==== SOURCE INFORMATION ====

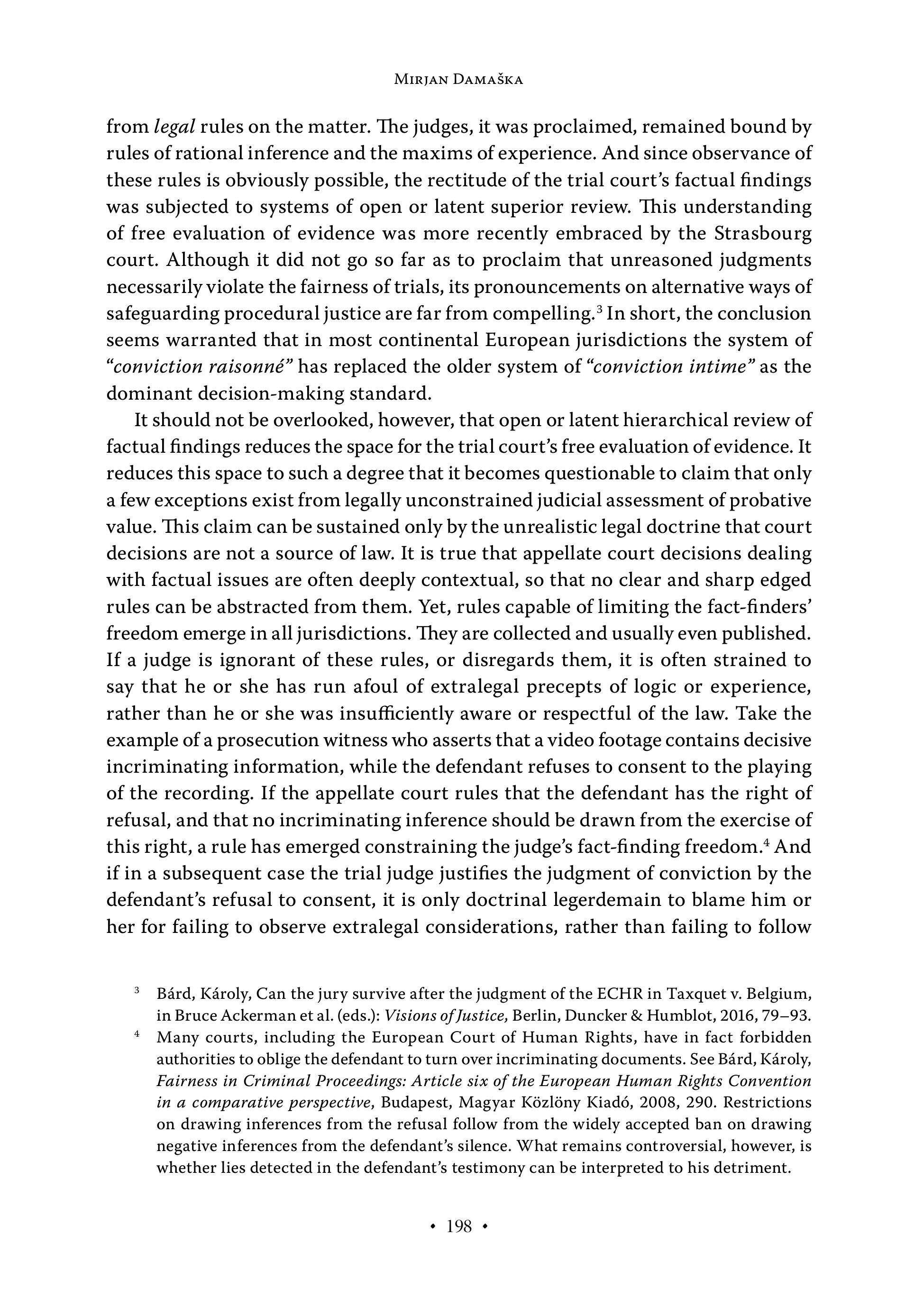 MIRJAN DAMASKA from legal rules on the matter. The judges, it was proclaimed, remained bound by rules of rational inference and the maxims of experience. And since observance of these rules is obviously possible, the rectitude of the trial court’s factual findings was subjected to systems of open or latent superior review. This understanding of free evaluation of evidence was more recently embraced by the Strasbourg court. Although it did not go so far as to proclaim that unreasoned judgments necessarily violate the fairness of trials, its pronouncements on alternative ways of safeguarding procedural justice are far from compelling.’ In short, the conclusion seems warranted that in most continental European jurisdictions the system of “conviction raisonné” has replaced the older system of “conviction intime” as the dominant decision-making standard. It should not be overlooked, however, that open or latent hierarchical review of factual findings reduces the space for the trial court’s free evaluation of evidence. It reduces this space to such a degree that it becomes questionable to claim that only a few exceptions exist from legally unconstrained judicial assessment of probative value. This claim can be sustained only by the unrealistic legal doctrine that court decisions are not a source of law. It is true that appellate court decisions dealing with factual issues are often deeply contextual, so that no clear and sharp edged rules can be abstracted from them. Yet, rules capable of limiting the fact-finders’ freedom emerge in all jurisdictions. They are collected and usually even published. If a judge is ignorant of these rules, or disregards them, it is often strained to say that he or she has run afoul of extralegal precepts of logic or experience, rather than he or she was insufficiently aware or respectful of the law. Take the example of a prosecution witness who asserts that a video footage contains decisive incriminating information, while the defendant refuses to consent to the playing of the recording. If the appellate court rules that the defendant has the right of refusal, and that no incriminating inference should be drawn from the exercise of this right, a rule has emerged constraining the judge’s fact-finding freedom.* And if in a subsequent case the trial judge justifies the judgment of conviction by the defendant’s refusal to consent, it is only doctrinal legerdemain to blame him or her for failing to observe extralegal considerations, rather than failing to follow Bard, Karoly, Can the jury survive after the judgment of the ECHR in Taxquet v. Belgium, in Bruce Ackerman et al. (eds.): Visions of Justice, Berlin, Duncker & Humblot, 2016, 79-93. Many courts, including the European Court of Human Rights, have in fact forbidden authorities to oblige the defendant to turn over incriminating documents. See Bard, Karoly, Fairness in Criminal Proceedings: Article six of the European Human Rights Convention in a comparative perspective, Budapest, Magyar Közlöny Kiadö, 2008, 290. Restrictions on drawing inferences from the refusal follow from the widely accepted ban on drawing negative inferences from the defendant’s silence. What remains controversial, however, is whether lies detected in the defendant’s testimony can be interpreted to his detriment. + 198 «
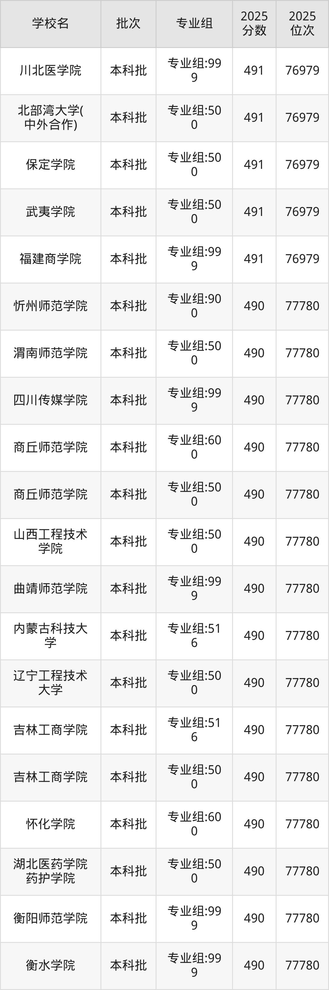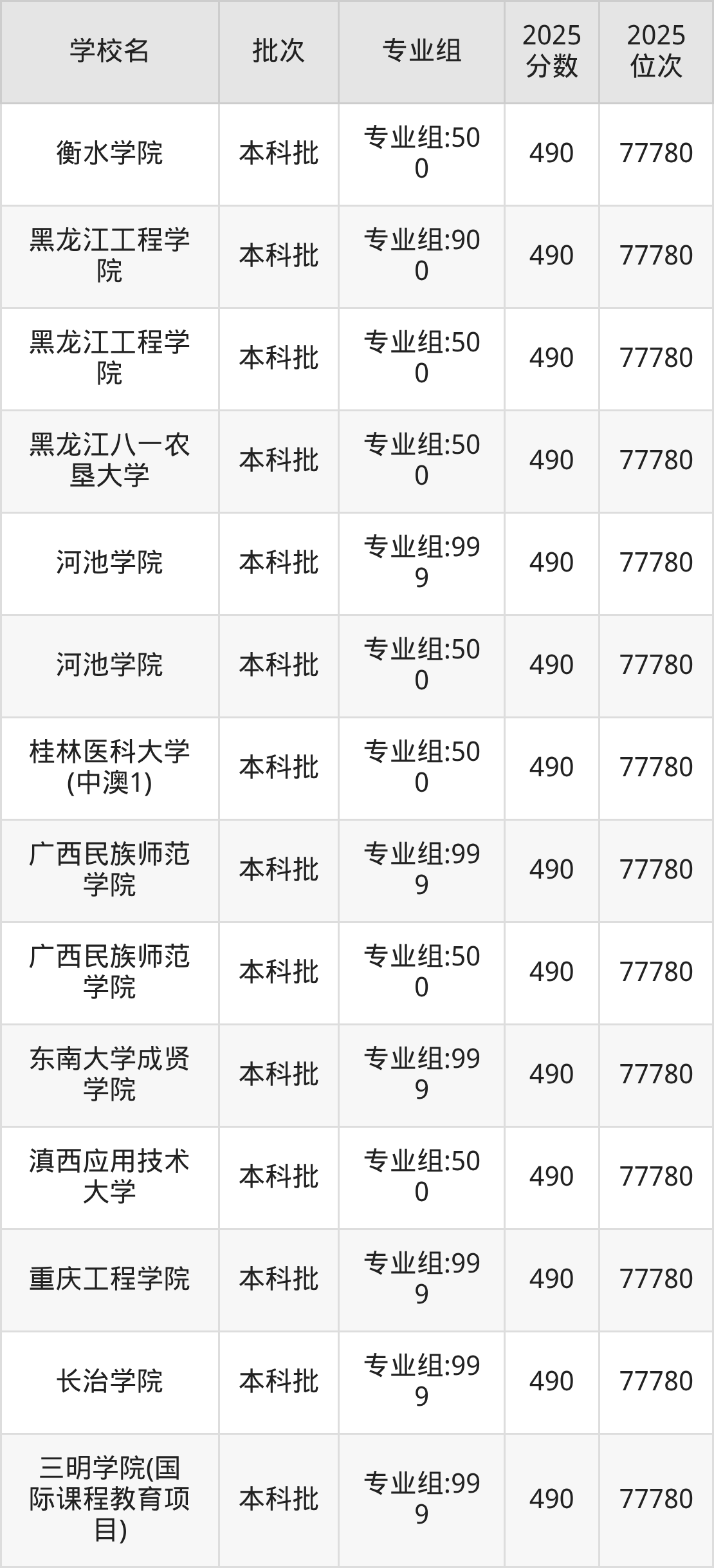 2025年福建高考物理类490分(76980名~77780名)能上的大学有三明学院(国际课程教育项目)专业组:999、长治学院专业组:999、重庆工程学院专业组:999、滇西应用技术大学专业组:500等。
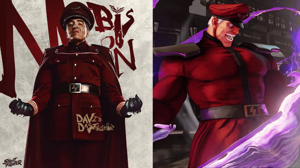 Dastmalchian’s version is less a spandex jacket with the black line down the middle and more of a military jacket, but the red color scheme remains. That’s coupled with a black belt, a gold belt buckle, and black gloves, as well as the trademark red and black hat. The bigger shoulder pauldrons are gone, but they are still worked into the cape and feel much more natural while still getting the look across. It appears the same villainous Bison that fans love from the games will carry his look into the live-action film for the second time around.
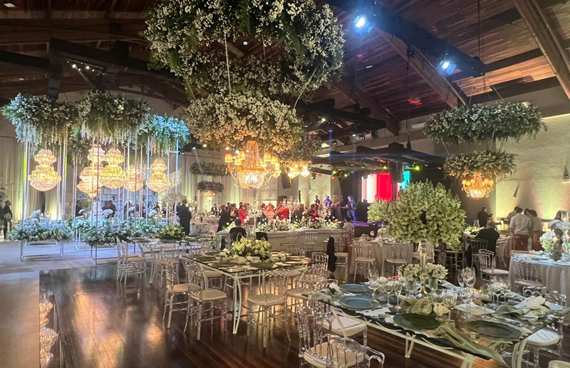 Convidados relataram ao Mesorregional que o casamento contou com um banquete extenso e sofisticado, com aperitivos e pratos considerados incomuns até mesmo em eventos de alto padrão. “Nunca vi e acho que nunca vou ver uma festa tão luxuosa na minha vida”, afirmou um dos presentes. Logo na recepção, os convidados foram recebidos com apresentação musical ao vivo, incluindo violinos e possivelmente uma harpa, seguida por show de banda sertaneja, grupo de pagode e, no encerramento da noite, DJ. E por fim, um buquê de rosas importadas para os convidados.
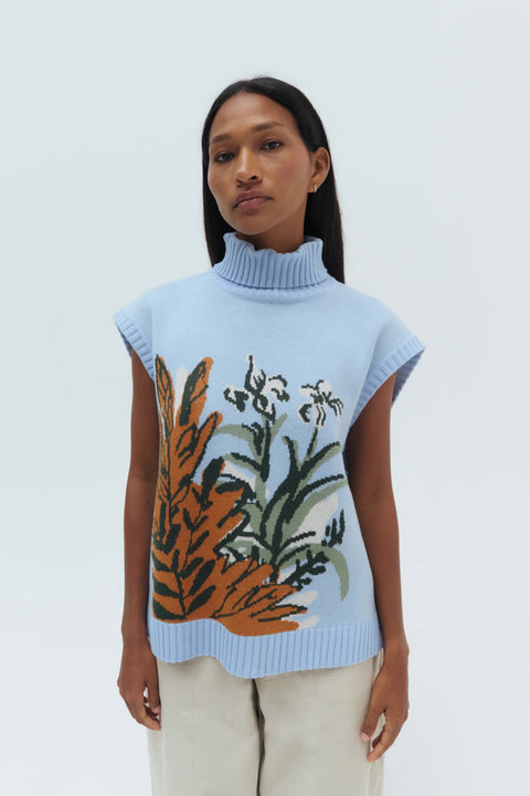 El Chaleco Páramo es una pieza tejida sin mangas que evoca las texturas, colores y formas del ecosistema andino. Confeccionado en una mezcla suave de algodón y viscosa, ofrece una silueta relajada y ligeramente amplia. El motivo tejido recrea la vegetación del páramo, convirtiendo esta prenda en un homenaje al paisaje altoandino y a su biodiversidad.

====

**DESCRIPTION OF THE TASK**: The records above should be written out in full and unchanged, except that pictures are dropped.

**THE ANSWER**:
 MIRJAN DAMASKA from legal rules on the matter. The judges, it was proclaimed, remained bound by rules of rational inference and the maxims of experience. And since observance of these rules is obviously possible, the rectitude of the trial court’s factual findings was subjected to systems of open or latent superior review. This understanding of free evaluation of evidence was more recently embraced by the Strasbourg court. Although it did not go so far as to proclaim that unreasoned judgments necessarily violate the fairness of trials, its pronouncements on alternative ways of safeguarding procedural justice are far from compelling.’ In short, the conclusion seems warranted that in most continental European jurisdictions the system of “conviction raisonné” has replaced the older system of “conviction intime” as the dominant decision-making standard. It should not be overlooked, however, that open or latent hierarchical review of factual findings reduces the space for the trial court’s free evaluation of evidence. It reduces this space to such a degree that it becomes questionable to claim that only a few exceptions exist from legally unconstrained judicial assessment of probative value. This claim can be sustained only by the unrealistic legal doctrine that court decisions are not a source of law. It is true that appellate court decisions dealing with factual issues are often deeply contextual, so that no clear and sharp edged rules can be abstracted from them. Yet, rules capable of limiting the fact-finders’ freedom emerge in all jurisdictions. They are collected and usually even published. If a judge is ignorant of these rules, or disregards them, it is often strained to say that he or she has run afoul of extralegal precepts of logic or experience, rather than he or she was insufficiently aware or respectful of the law. Take the example of a prosecution witness who asserts that a video footage contains decisive incriminating information, while the defendant refuses to consent to the playing of the recording. If the appellate court rules that the defendant has the right of refusal, and that no incriminating inference should be drawn from the exercise of this right, a rule has emerged constraining the judge’s fact-finding freedom.* And if in a subsequent case the trial judge justifies the judgment of conviction by the defendant’s refusal to consent, it is only doctrinal legerdemain to blame him or her for failing to observe extralegal considerations, rather than failing to follow Bard, Karoly, Can the jury survive after the judgment of the ECHR in Taxquet v. Belgium, in Bruce Ackerman et al. (eds.): Visions of Justice, Berlin, Duncker & Humblot, 2016, 79-93. Many courts, including the European Court of Human Rights, have in fact forbidden authorities to oblige the defendant to turn over incriminating documents. See Bard, Karoly, Fairness in Criminal Proceedings: Article six of the European Human Rights Convention in a comparative perspective, Budapest, Magyar Közlöny Kiadö, 2008, 290. Restrictions on drawing inferences from the refusal follow from the widely accepted ban on drawing negative inferences from the defendant’s silence. What remains controversial, however, is whether lies detected in the defendant’s testimony can be interpreted to his detriment. + 198 «
 2025年福建高考物理类490分(76980名~77780名)能上的大学有三明学院(国际课程教育项目)专业组:999、长治学院专业组:999、重庆工程学院专业组:999、滇西应用技术大学专业组:500等。
 Dastmalchian’s version is less a spandex jacket with the black line down the middle and more of a military jacket, but the red color scheme remains. That’s coupled with a black belt, a gold belt buckle, and black gloves, as well as the trademark red and black hat. The bigger shoulder pauldrons are gone, but they are still worked into the cape and feel much more natural while still getting the look across. It appears the same villainous Bison that fans love from the games will carry his look into the live-action film for the second time around.
 Convidados relataram ao Mesorregional que o casamento contou com um banquete extenso e sofisticado, com aperitivos e pratos considerados incomuns até mesmo em eventos de alto padrão. “Nunca vi e acho que nunca vou ver uma festa tão luxuosa na minha vida”, afirmou um dos presentes. Logo na recepção, os convidados foram recebidos com apresentação musical ao vivo, incluindo violinos e possivelmente uma harpa, seguida por show de banda sertaneja, grupo de pagode e, no encerramento da noite, DJ. E por fim, um buquê de rosas importadas para os convidados.
 El Chaleco Páramo es una pieza tejida sin mangas que evoca las texturas, colores y formas del ecosistema andino. Confeccionado en una mezcla suave de algodón y viscosa, ofrece una silueta relajada y ligeramente amplia. El motivo tejido recrea la vegetación del páramo, convirtiendo esta prenda en un homenaje al paisaje altoandino y a su biodiversidad.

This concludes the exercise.